[Opening DATA FOR REVIEW section]

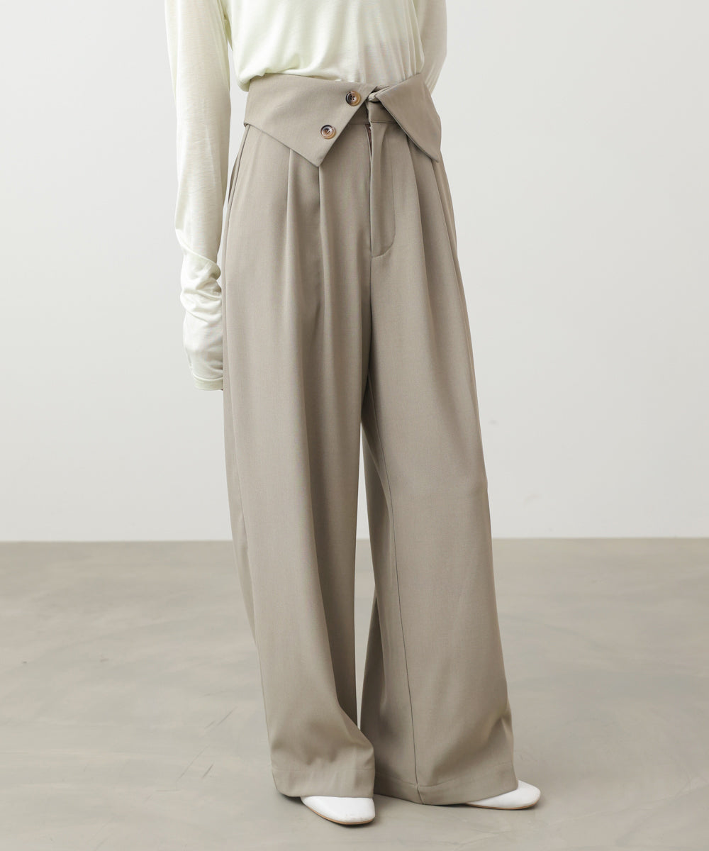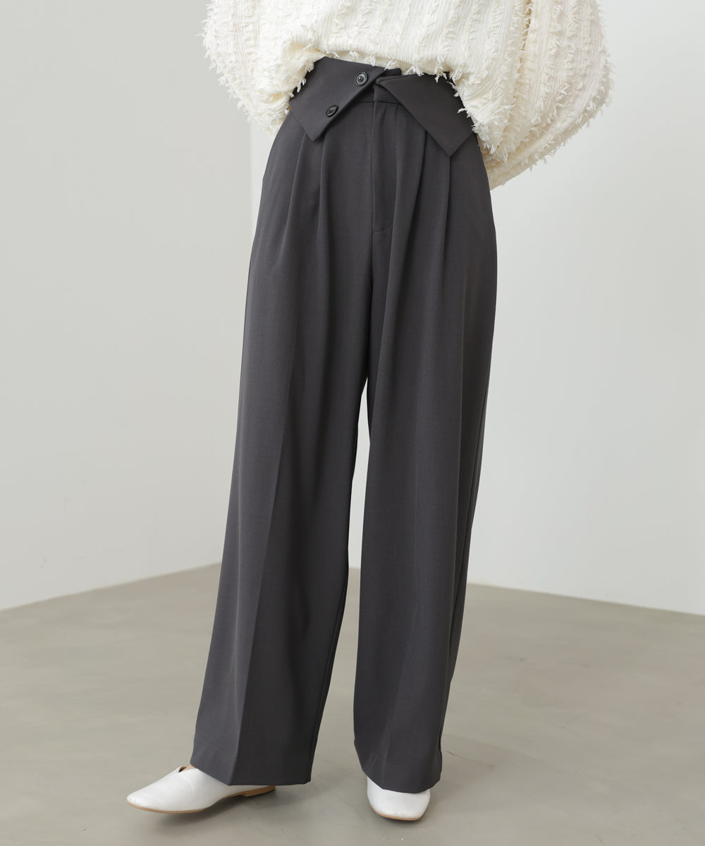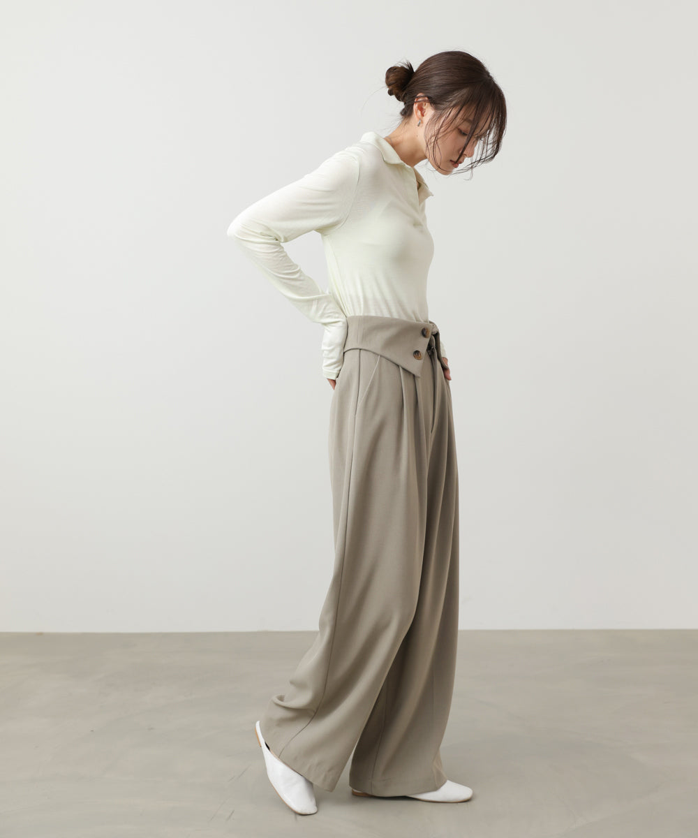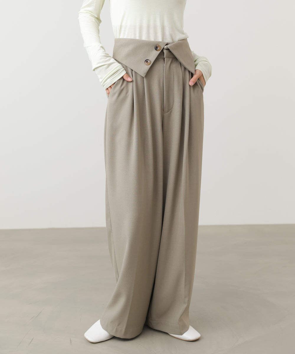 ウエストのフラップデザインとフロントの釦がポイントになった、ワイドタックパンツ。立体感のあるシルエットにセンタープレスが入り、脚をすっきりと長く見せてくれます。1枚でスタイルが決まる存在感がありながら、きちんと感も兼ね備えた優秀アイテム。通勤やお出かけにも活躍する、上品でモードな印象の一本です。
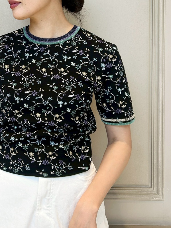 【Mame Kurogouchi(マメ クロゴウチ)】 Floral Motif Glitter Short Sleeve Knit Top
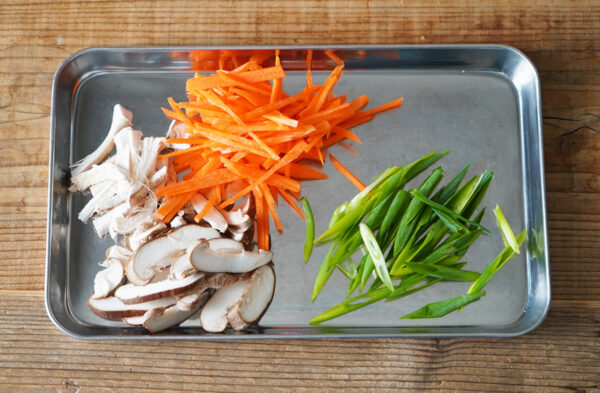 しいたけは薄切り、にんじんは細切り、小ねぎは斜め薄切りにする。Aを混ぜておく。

[Closing DATA FOR REVIEW section]
[Opening DATA FOR REVIEW section]

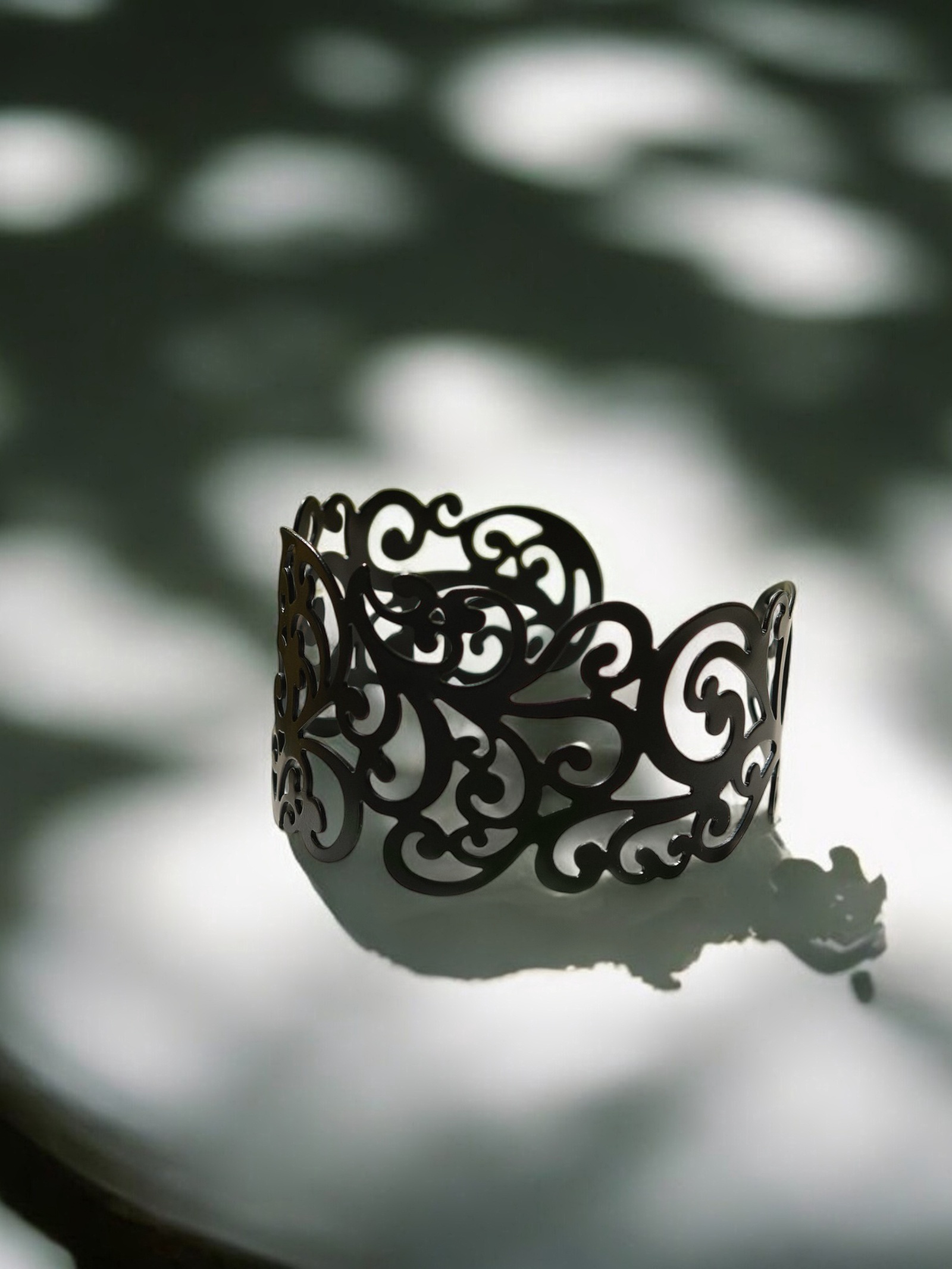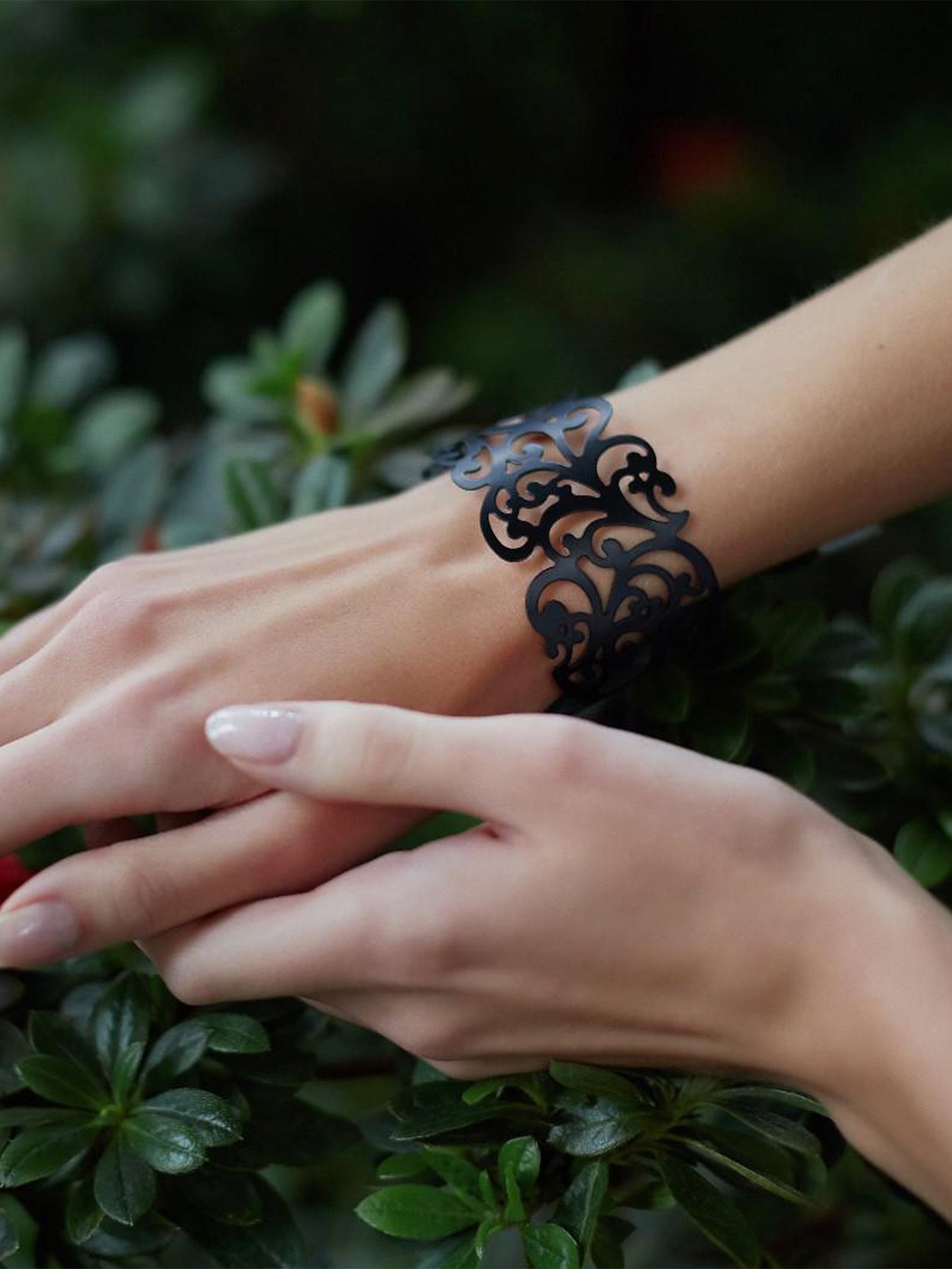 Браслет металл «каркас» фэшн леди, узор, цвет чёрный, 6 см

[Closing DATA FOR REVIEW section]

▸ **TASK GOAL**
Given the listing above, retype only the span of lines from the line with "ウエストのフラップデザインと" up to and including the line with "しいたけは薄切り、にんじんは細切り、小ねぎは斜め薄切りにする。Aを混ぜておく。", exactly as it stands and without pictures.

▸ **RESPONSE BOX**
 ウエストのフラップデザインとフロントの釦がポイントになった、ワイドタックパンツ。立体感のあるシルエットにセンタープレスが入り、脚をすっきりと長く見せてくれます。1枚でスタイルが決まる存在感がありながら、きちんと感も兼ね備えた優秀アイテム。通勤やお出かけにも活躍する、上品でモードな印象の一本です。
 【Mame Kurogouchi(マメ クロゴウチ)】 Floral Motif Glitter Short Sleeve Knit Top
 しいたけは薄切り、にんじんは細切り、小ねぎは斜め薄切りにする。Aを混ぜておく。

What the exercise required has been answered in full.